(Exercise directions) Transcribe the listing exactly; drop the images.

(Data segment)
========================================================================
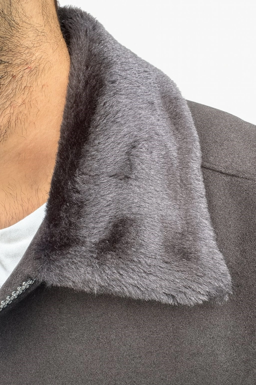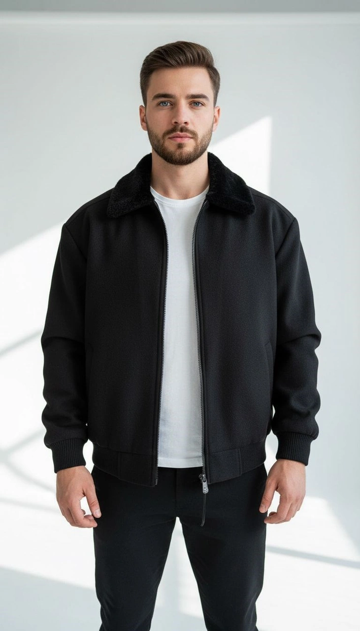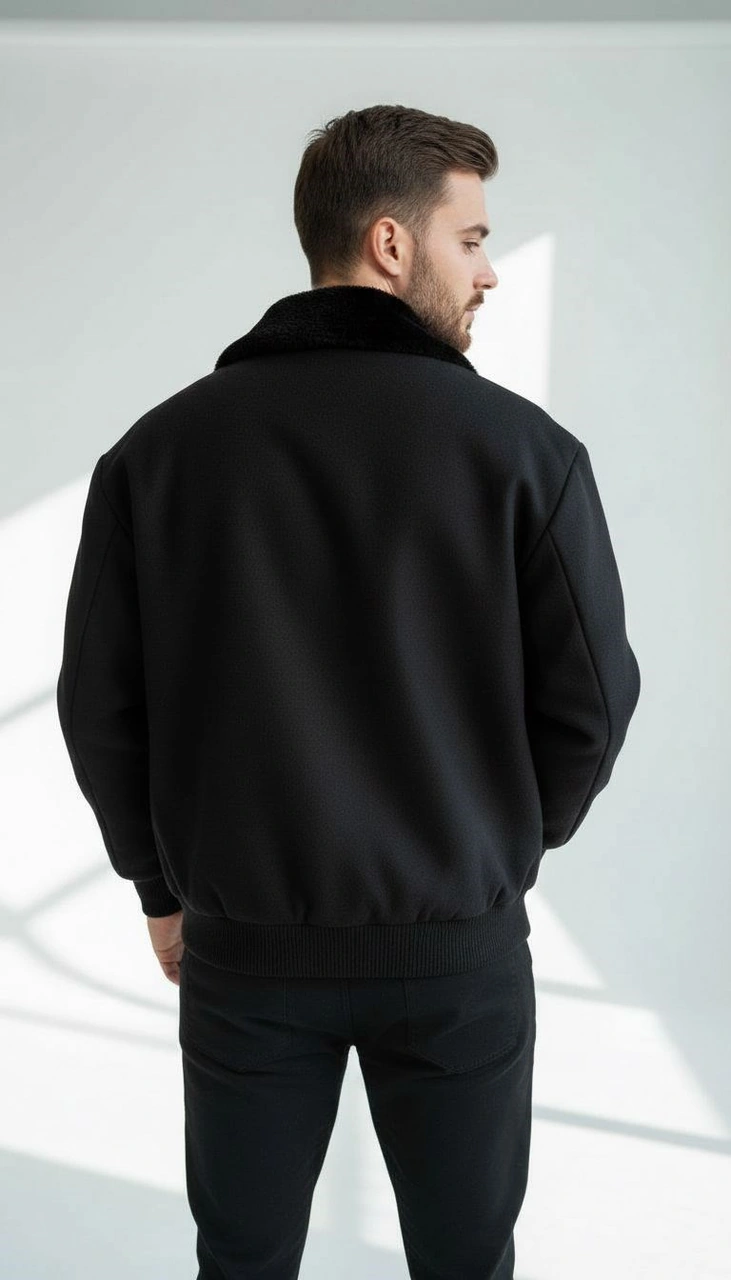Erkek Kaşe Mont Kürklü Yaka Astarlı Fermuarlı Kışlık Ceket Plus Scorpion Siyah
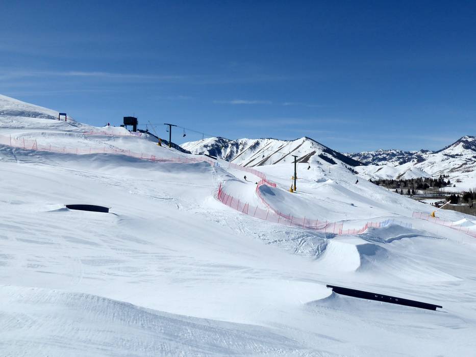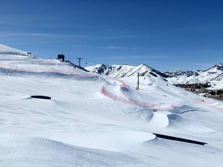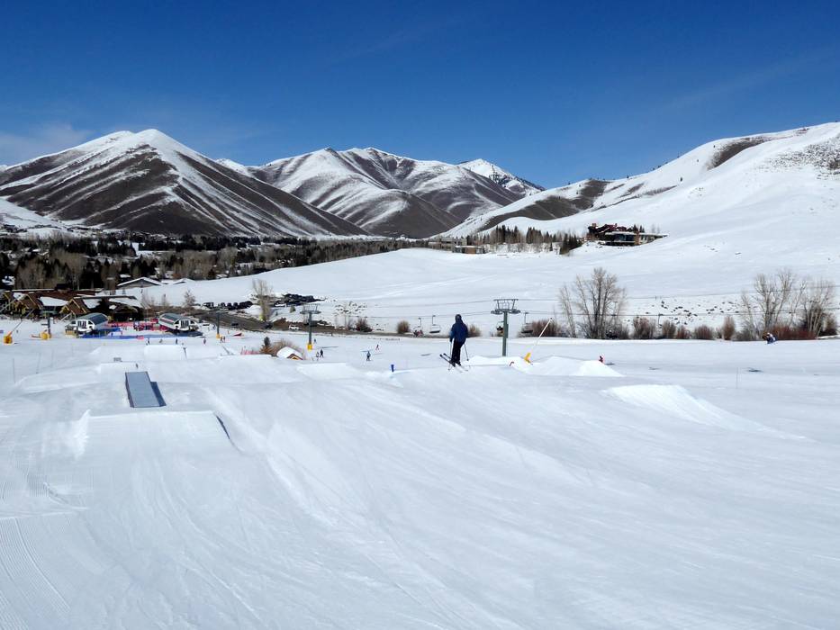 Snowpark/funpark Dollar Mountain – Sun Valley Het skigebied op Dollar Mountain in Sun Valley biedt een ruime keuze aan eersteklas snowparks. Een Snow Cross Course maakt het aanbod compleet.
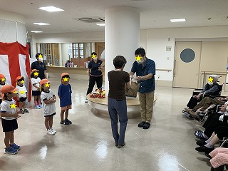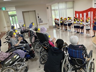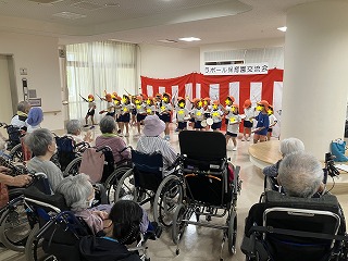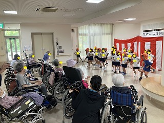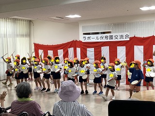 8/21(木)当グループの「ラポール育成こども園」の園児さんが、おじいちゃん・おばあちゃんの前でチビッコエイサー踊り又、歌を披露!!
========================================================================
(Answer to this task)
Erkek Kaşe Mont Kürklü Yaka Astarlı Fermuarlı Kışlık Ceket Plus Scorpion Siyah
 Snowpark/funpark Dollar Mountain – Sun Valley Het skigebied op Dollar Mountain in Sun Valley biedt een ruime keuze aan eersteklas snowparks. Een Snow Cross Course maakt het aanbod compleet.
 8/21(木)当グループの「ラポール育成こども園」の園児さんが、おじいちゃん・おばあちゃんの前でチビッコエイサー踊り又、歌を披露!!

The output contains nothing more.